- Education: Glasgow Caledonian University
- Occupations: Physiotherapist and women's health campaigner

= Elaine Miller =

Scottish physiotherapist

Elaine Miller aka Gussie Grippers is a Scottish physiotherapist, women's health campaigner and gender-critical activist. Miller performs comedy shows around the subject of women's health, highlighting issues related to urinary incontinence, and her shows have won awards at Fringe World, Australia and at Edinburgh Festival Fringe.
She came to mainstream media attention for flashing a pubic wig in the Scottish Parliament during a debate on the Gender Recognition Reform (Scotland) Bill.

== Career ==
Miller is a Fellow of the Chartered Society of Physiotherapy. Both her physiotherapy and her comedy feature a specialism in pelvic floor dysfunction. While working as a physiotherapist in Scotland Miller developed a comedy show designed to engage audiences in understanding how physiotherapy can be used to tackle and prevent urinary incontinence. She began her career in the field of sports physiotherapy, but after her own experience of becoming incontinent after having delivered three children, she began to focus on exercises for the pelvic floor. She has been invited as a contributing expert on women's health topics in UK media, including Woman's Hour on BBC Radio 4.

Her show won 'Weirdest Show at the Fringe' at the Edinburgh festivals in 2013 and the Australian Fringe World Comedy Award in 2020. Attendance at her 2016 show counted towards continuing professional development (CPD) for a range of health professionals including GPs, midwives, nurses, urologists, gynaecologists, health visitors and fitness professionals, accredited by Scottish Care. Her public engagement activities aim to use laughter as an essential health promotion tool, and are in the tradition of 'clown care'. Her comedy highlights the fact that laughing is one of the things which causes many women bladder leakage.

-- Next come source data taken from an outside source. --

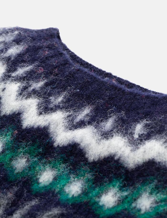 Norse Projects Birnir Fairisle Knitted Sweater - Dark Navy Blue
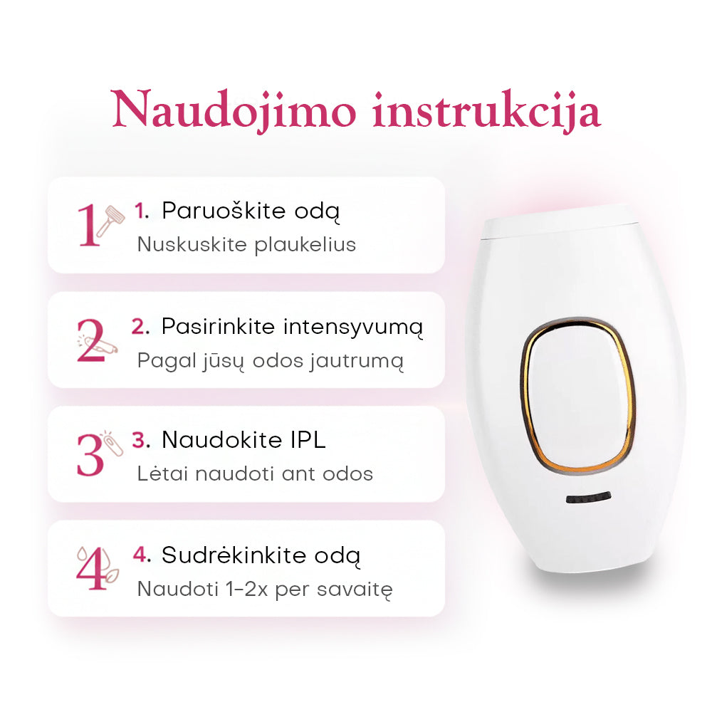 IPL galima naudoti ant kojų, rankų, pažastų, bikini zonos ir veido (išskyrus akių bei antakių sritį).
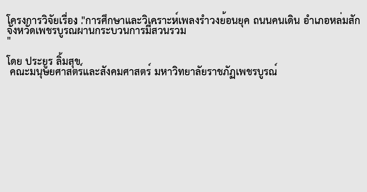 การศึกษาและวิเคราะห์เพลงรำวงย้อนยุค,ถนนคนเดิน อำเภอหล่มสัก จังหวัดเพชรบูรณ์,กระบวนการมีส่วนร่วม,The study and analysis of Ramwong dance music,Walking Street Lom Sak District Phetchabun,The participatory process
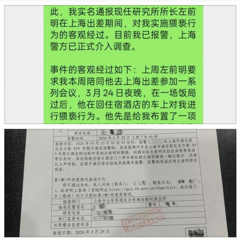 据网传消息,信达证券研究所一名女性员工指控,3月24 日晚,左前明在上海出差期间,在一场饭局过后,在回住宿酒店的车上,对她实施猥亵行为。随后,该员工报警。根据网传报警回执的照片,报警时间为3月25日1时左右。
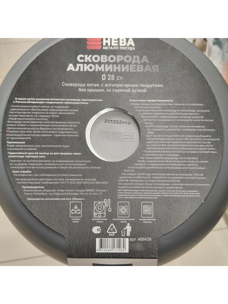 Вы можете приобрести «Сковорода литой алюминий, 28 см, антипригарное покрытие, Нева Металл Посуда, Pro, съемная ручка» и другие товары в нашем интернет-магазине в Старом Осколе по низким ценам и с бесплатным самовывозом.
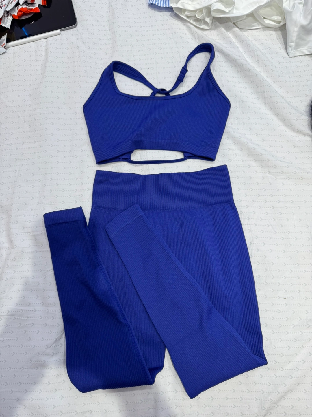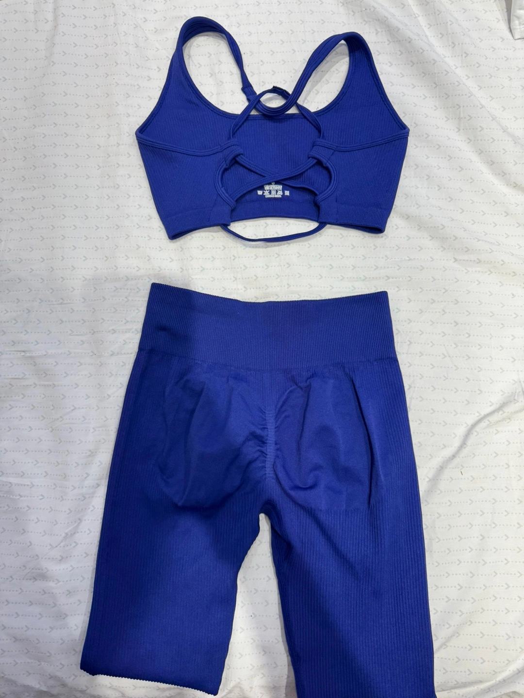 34Beautiful cobalt blue ribbed seamless workout set. Includes sports bra and leggings. Perfect for your next workout.
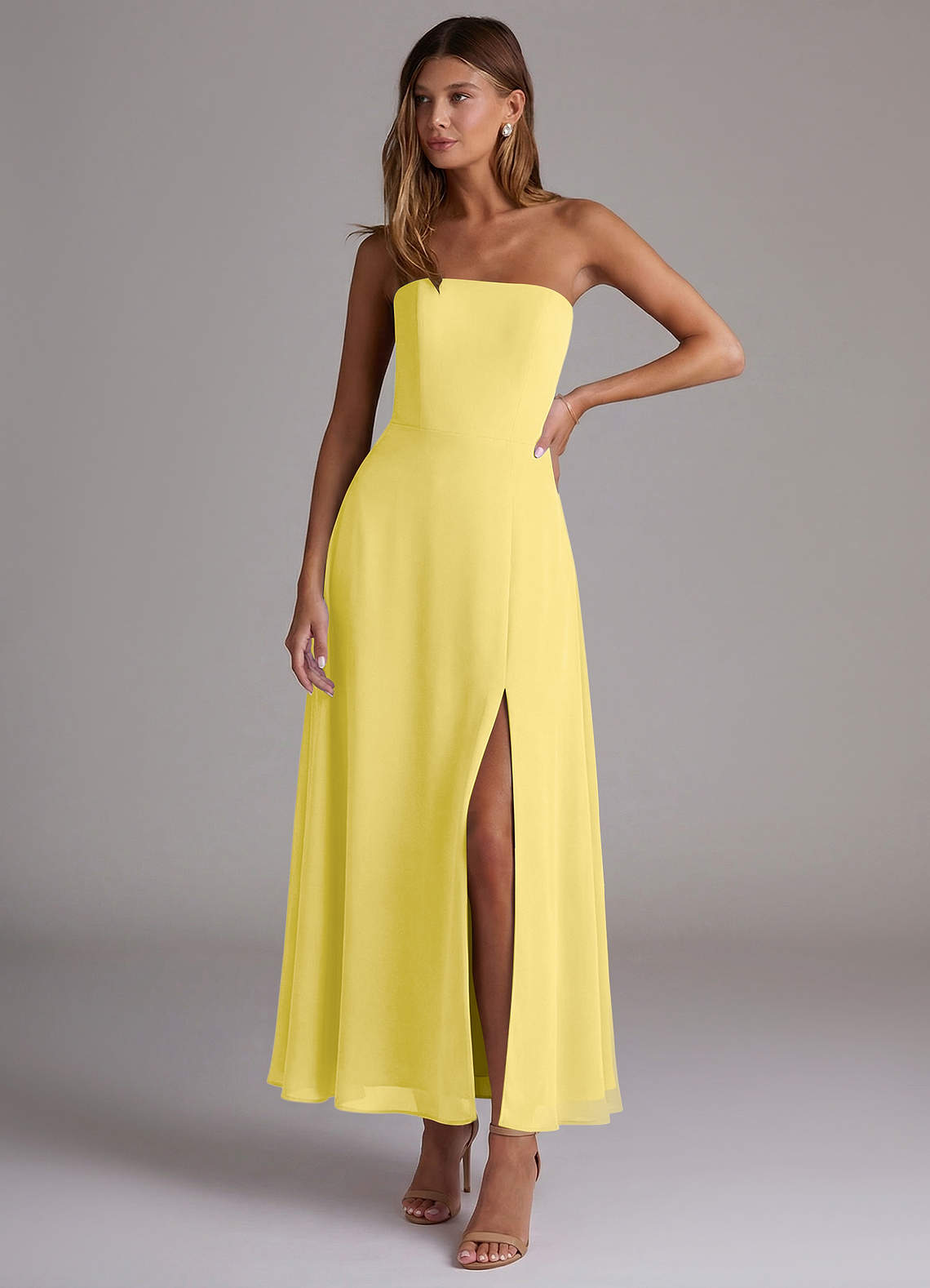 Vestido Canário de Chiffon de Linha A com Sem alças
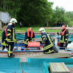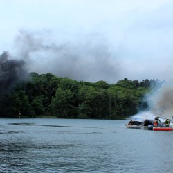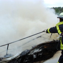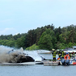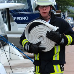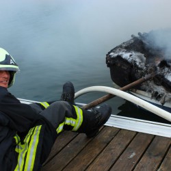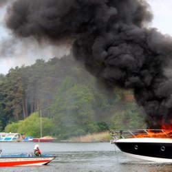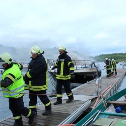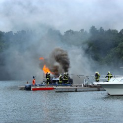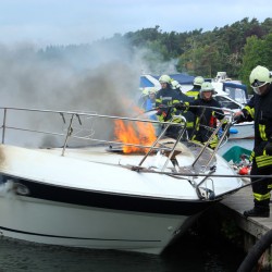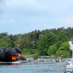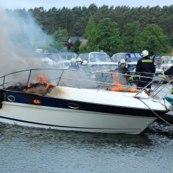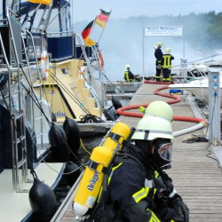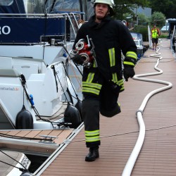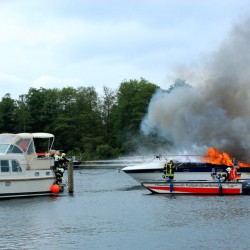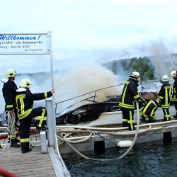 Warens Feuerwehrleute sind schnell vor Ort. Während ein Boot am Steg liegt, treibt ein anderes auf dem Eldekanal – allerdings kontrolliert an einer Leine. Das Löschen gestaltet sich dann äußerst schwierig, denn das Material lässt die Flammen immer wieder auflodern. Die Kameraden nutzen sowohl Wasser als auch Schaum. Inzwischen kommen weitere Feuerwehren hinzu. Letztendlich sind Waren, Malchow, Klink, Alt Schwerin, Groß Plasten und Alt Schönau vor Ort. Außerdem der Rettungsdienst, die DRK-Wasserwacht und der Gefahrgutzug aus Röbel.
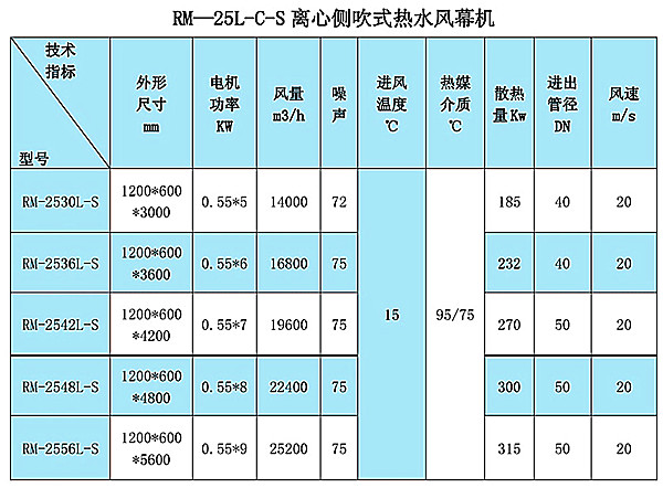 RM25-L-C-S(Q)離心側(cè)吹式風(fēng)幕機(jī)可以以熱水或蒸汽為熱媒,是外形尺寸大、阻斷效果好的裝配式機(jī)型。該機(jī)型適合安裝在高度3米以上,寬度6米以?xún)?nèi)的門(mén)洞側(cè)面。適用于大型的倉(cāng)庫(kù)、廠(chǎng)房的高大門(mén)洞使用,正常選擇雙側(cè)吹風(fēng)方式,門(mén)洞寬度小于2.5米時(shí)可以選用單側(cè)吹風(fēng)。
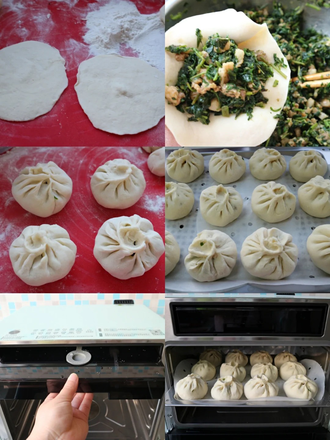 4️⃣面也醒发好了,揉几下排气,分成大剂子,擀薄,包上馅,捏着边依次捏着褶子包好,包子醒发20分钟,看到蓬松就好了,放入蒸盘中。
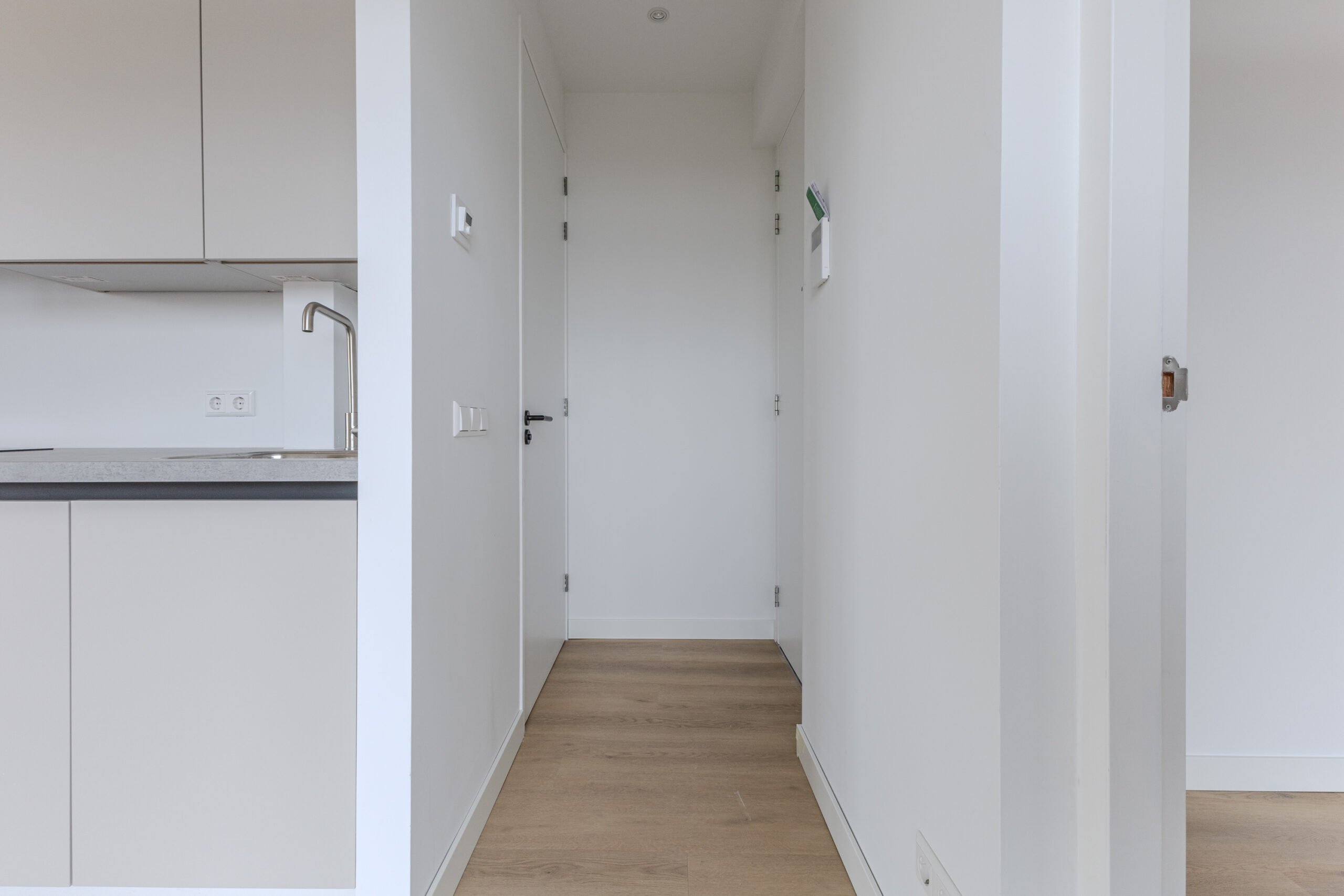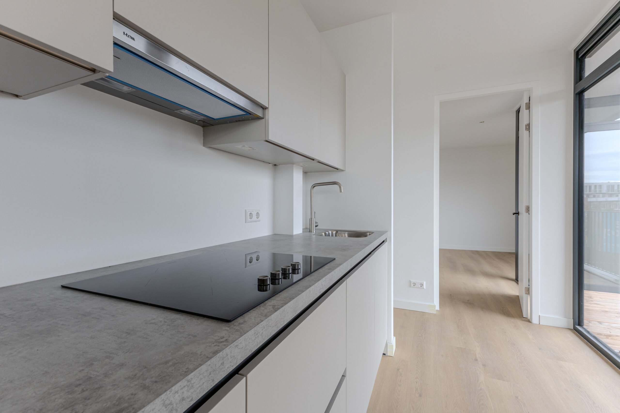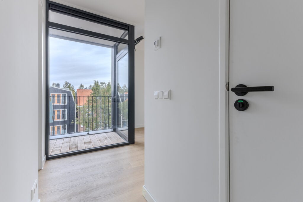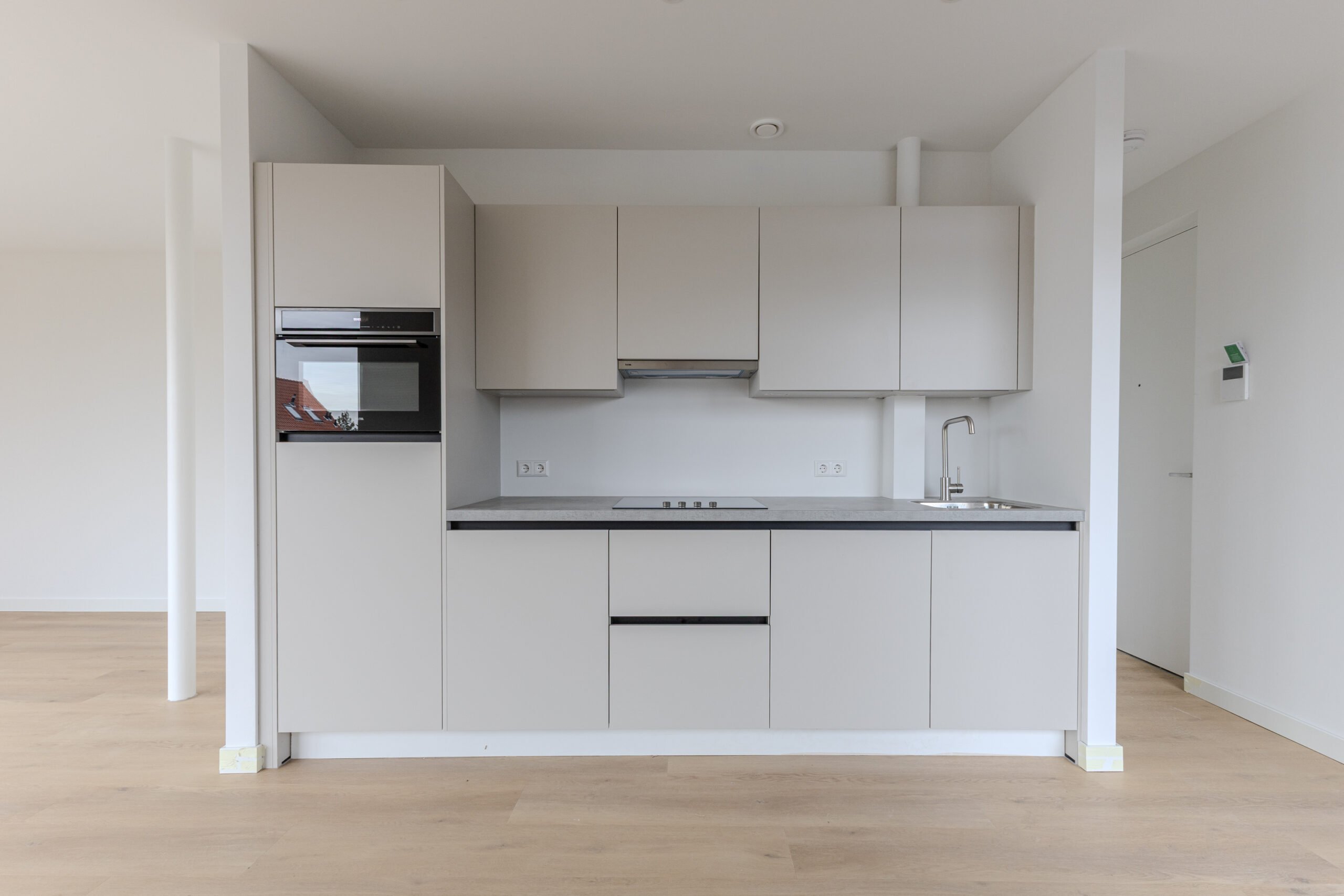 Aan de andere zijde van het appartement bevindt zich de verrassend ruime slaapkamer. Ook hier zorgen de grote raampartijen voor een fijne lichtinval en heb je direct zicht op je eigen balkon – een heerlijke plek om je dag ontspannen te beginnen of juist rustig af te sluiten. Er is meer dan genoeg ruimte voor een royaal tweepersoonsbed én een ruime kastenwand. De badkamer is een echte eyecatcher: zeer luxe en stijlvol afgewerkt met een ruime inloopdouche, een strak wastafelmeubel en een toilet. Deze badkamer geeft je elke dag een hotelachtige ervaring. Alles is splinternieuw, dus je kunt er zonder enige verbouwing zó in – instap klaar!
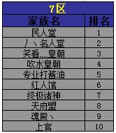 闯荡江湖,缔造传奇,您都需要强大的家族做为后盾,给予您无限的支持!或者您是天生的领袖 ,想要自立门户,打造强横势力,共同铸就斗破苍穹!陪游《斗破苍穹2》7区“有家就有一切,家族排行大赛”已经落下帷幕,恭喜以下家族进入排名前十:
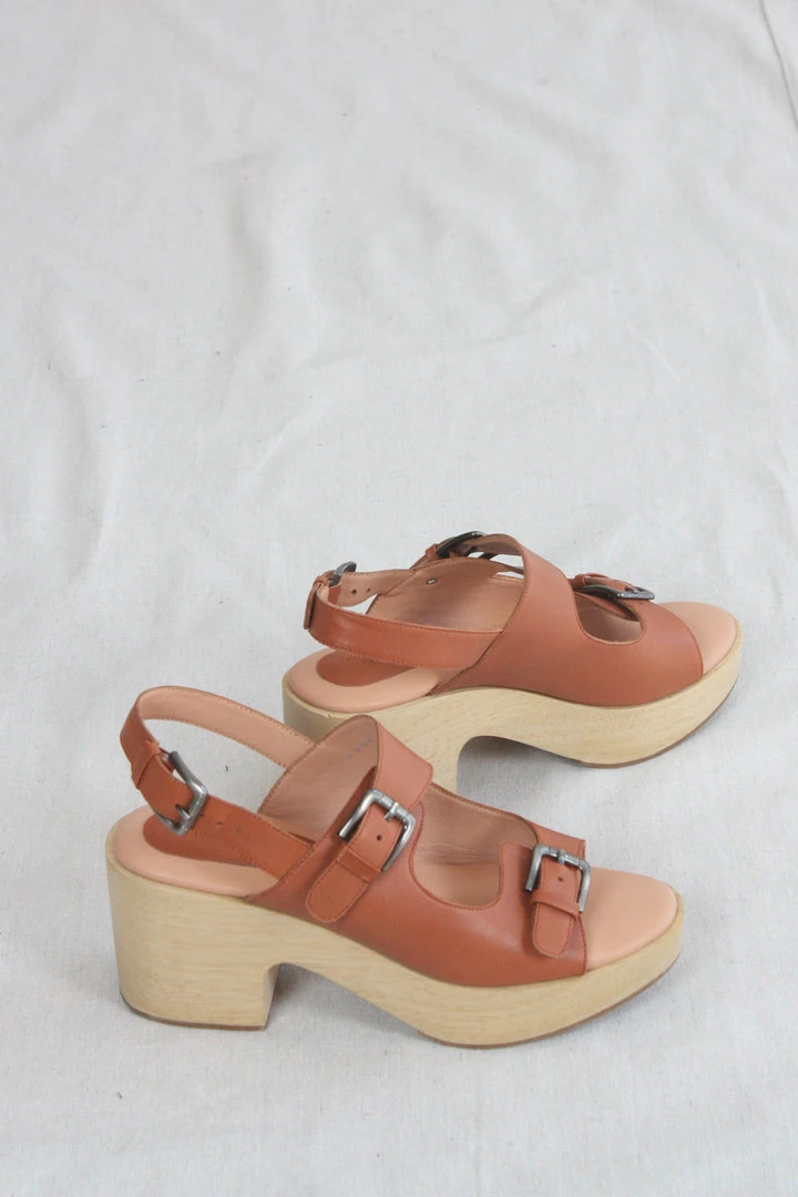 - 100% 100% Kidskin Leather Upper, 100% Wood Base, 100% Rubber Sole

She works to highlight a gap in women's health support and get government funding for the provision of physiotherapy to improve women’s health. She performs under the stage name Gussie Grippers. Her acts have included costumes such as dressing up as a vulva and songs such as "does your cervix hang low?".

== Activism ==
Miller works to highlight issues in women's health. Miller believes the barriers which deter women from seeking help dealing with stress urinary incontinence and pelvic organ prolapse need to be explored and that raising awareness of pelvic floor exercises can have a significant effect on the day to day lives of many.

In 2022 Miller attracted mainstream media coverage when she wore, and flashed a merkin in the Scottish Parliament during debate on the Gender Recognition Reform (Scotland) Bill, to express opposition to the bill. After an initial police investigation she was found not to have committed any crime.

== Politics ==
In 2023 she became an independent candidate for election in Edinburgh Corstorphine and Murrayfield and used her campaign in part to highlight issues of women's health provision in Edinburgh. She received 327 votes, representing 3.7% of the vote.